The proper way is to do a PeriodicArray type like you said. If you can’t do it yourself yet then you just have to hope someone else does it.

In theory it should be quite simple, you just have to overload size, getindex and setindex! (c.f. https://docs.julialang.org/en/release-0.5/manual/interfaces/#indexing), but in practice it can get a bit complicated - like in the FFTViews case - when you do the general case and you want optimal performance.

`getindex` is the function that get called when you do `x[1]` (`x[1]` is the same as `getindex(x,1)`). `setindex` is the same thing for `x[1] = pi` (it calls `setindex!(x,pi,1)`). So all you need to do is to transform the index with a modulo to make it periodic.

I made a minimal implementation for 1D arrays, it seems to work, but it’s probably not very good:

``````module tmp

immutable CircularArray{T} <: AbstractArray{T,1}
data::AbstractArray{T,1}
end

circindex(i::Int,N::Int) = 1 + mod(i-1,N)
circindex(I,N::Int) = [circindex(i,N)::Int for i in I]

Base.size(A::CircularArray) = size(A.data)

Base.getindex(A::CircularArray, i::Int) = getindex(A.data, circindex(i,length(A.data)))
Base.getindex(A::CircularArray, I) = getindex(A.data, circindex(I,length(A.data)))
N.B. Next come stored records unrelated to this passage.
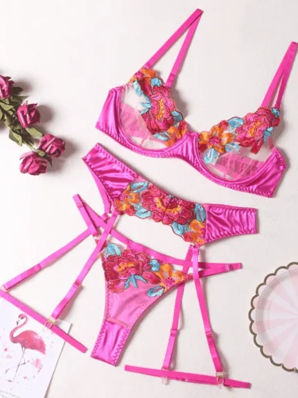 3Pcs Floral Embroidered Sexy Sheer Push-Up Bra & Panty Set With Garter
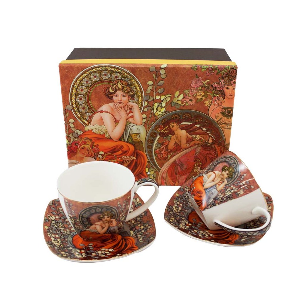 Az ünnepi asztalhoz vagy a délutáni összejövetelhez az Alfons Mucha műhelyéből származó dekorral díszített gyönyörű bögre az igazi. Tökéletes ajándék barátoknak, kollégáknak vagy szeretteinek is. A készlet díszdobozba van csomagolva. Ha valakinek ajándékozná, nem kell a szép csomagolással bajlódnia. Csak díszítse a dobozt egy masnival, vagy tegye ajándéktasakba.
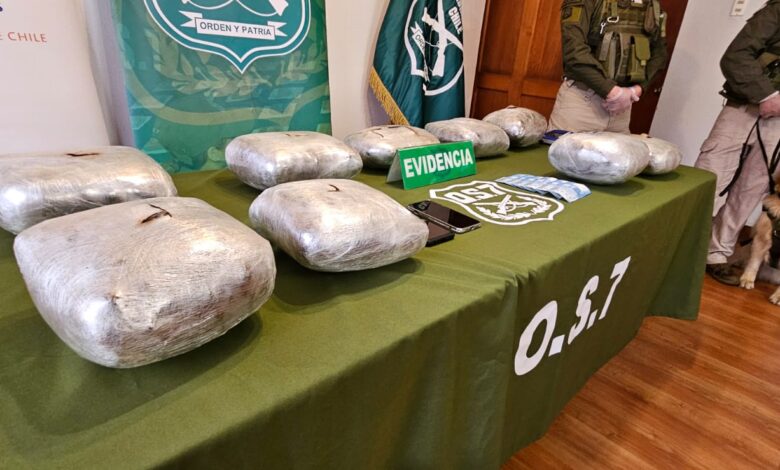 Por su parte, el Jefe de Zona (s) de Carabineros Los Ríos, Coronel Juan González, detalló que en total se incautaron 12 Kilos 312 gramos de marihuana elaborada y 1 Kilo 363 gramos clorhidrato de cocaína, cuantificable en 27.350 dosis, valoradas en cerca de 212 millones de pesos.

Base.setindex!(A::CircularArray, v, i::Int) = setindex!(A.data, v, circindex(i,length(A.data)))
Base.setindex!(A::CircularArray, v, I) = setindex!(A.data, v, circindex(I,length(A.data)))
end

c = tmp.CircularArray(rand(10))

@assert c[11] == c[1]
@assert c[-9:0] == c[1:10]
``````
2 Likes

If you’re working with e.g. finite-difference approximations and similar lattice-based computations, often it is more flexible to use e.g. “ghost elements” (also called “ghost points”, “ghost cells”, “overlap regions”, “ghost zones”, …): you have an extra array element at each edge of the array that you update with whatever boundary condition you want as needed (e.g. at each time step). The motivation here is:

• For typical lattice-based simulations, you only need to access elements adjacent to the boundaries. You don’t want to pay the price of a specialized `getindex(a, i) = a.a[i % n]` method for every array access just to be able to access one or two extra elements from each end.

• It is much more flexible. It becomes trivial to implement boundary conditions such as: periodic, Dirichlet, quasi/Bloch periodic (periodic × phase), mirror reflection or other symmetries, domain decomposition (boundary conditions that couple different arrays, e.g. on different processors), and so on.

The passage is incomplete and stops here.